Saturday, March 5, 2016

Outlook January 2016

Linear thinking is the foundation of most surprises in stock market. When oil was in $100 range, many analysts, producers and investors thought it will go on to be $200. Now many in the same groups think it will sink below $20. Forecasters are always into a competitive spitting contest hoping to make a strike. What we have found useful and thus been able to avoid effects of serious sell off’s over two decades of service, is to be skeptical of these calls, both on the upside and on the downside. It’s hard but we simply try not to believe the noise.

This is not news to you that 2015 was a terrible year for most stock markets and asset classes except perhaps the price of Canadian houses, although even that seems to be under a bit of pall now. Worse, there seems to be little sunshine on the horizon in any of the asset classes. 

In such times, cash and cash equivalent a comforting choice. Some cash equivalents like short term bonds and certain preferred shares have started to appear on the market. Normally brokers and corporations hate to give you a product that is good for the investor; they want to make sure it is better for them. But when investors start to balk at the offerings, better deals start to appear. The old adage, buy when the seller is reluctant seems to work well. Now there are instruments that pay more than 5% yield which fit the bill. We are judiciously buying these.

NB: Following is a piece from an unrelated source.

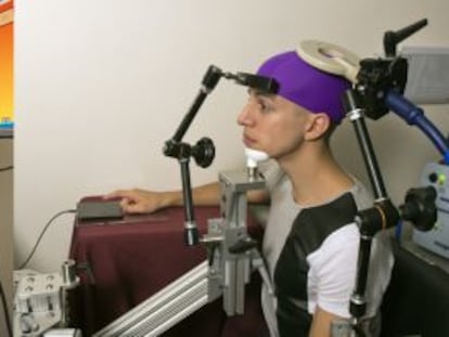 Primero lo experimentaron con ellos mismos. En 2013, Rao tuvo que pensar en pulsar el ratón de un ordenador. Llevaba en su cabeza un gorro de un sistema de electroencefalografía (EEG) que recogía la actividad eléctrica de su cerebro. El BCI había sido entrenado para detectar las ondas relacionadas con ese deseo de pulsar, un deseo que, convertido en bits, llegó por internet hasta Stocco, ubicado en otro edificio de la universidad a más de un kilómetro de distancia. Sobre su cabeza había esta vez una máquina de estimulación magnética transcraneal (EMT).
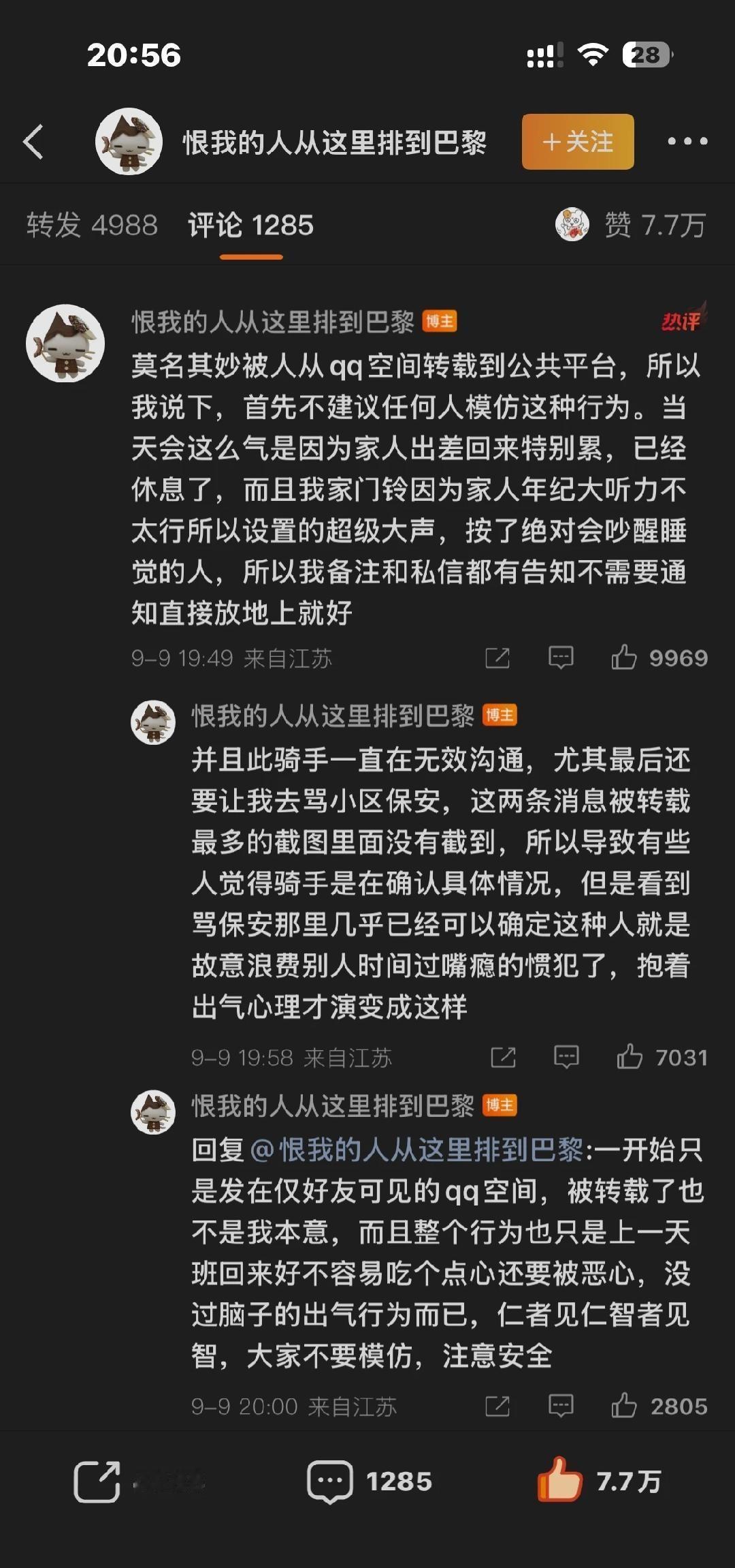 如何看待女子点外卖备注“不要敲门”遭到骑手调侃反问“敲了会怎么样”“帮我骂保安”,遂持刀等外卖? 【小姐姐在电梯口持刀等外卖员 -哔哩哔哩】 ------------------------------------ 之前刷到一个外卖骑手发dy,吐槽很多顾客都是只把门打开一条缝伸手出去拿外卖,觉得顾客这样子是不尊重他 我就特别无语,你管人家怎么拿的?又没打你骂你挑衅你,你把外卖交过去赶紧去跑下一单得了呗,怎么就不尊重你了?难不成还要请你进去喝杯茶?

Canadian banks have also been hit in spite of good yield and decades of evidence that they have a good handle on how to make money. Most Canadian investors already have bank stocks but this is the time when we will be thinking about adding more, or as they say going overweight in this sector. Other yielders have their own problems like telcos due to saturated cell phone market and utilities due to their taint to energy. We wait for some time before entering anything that touches energy.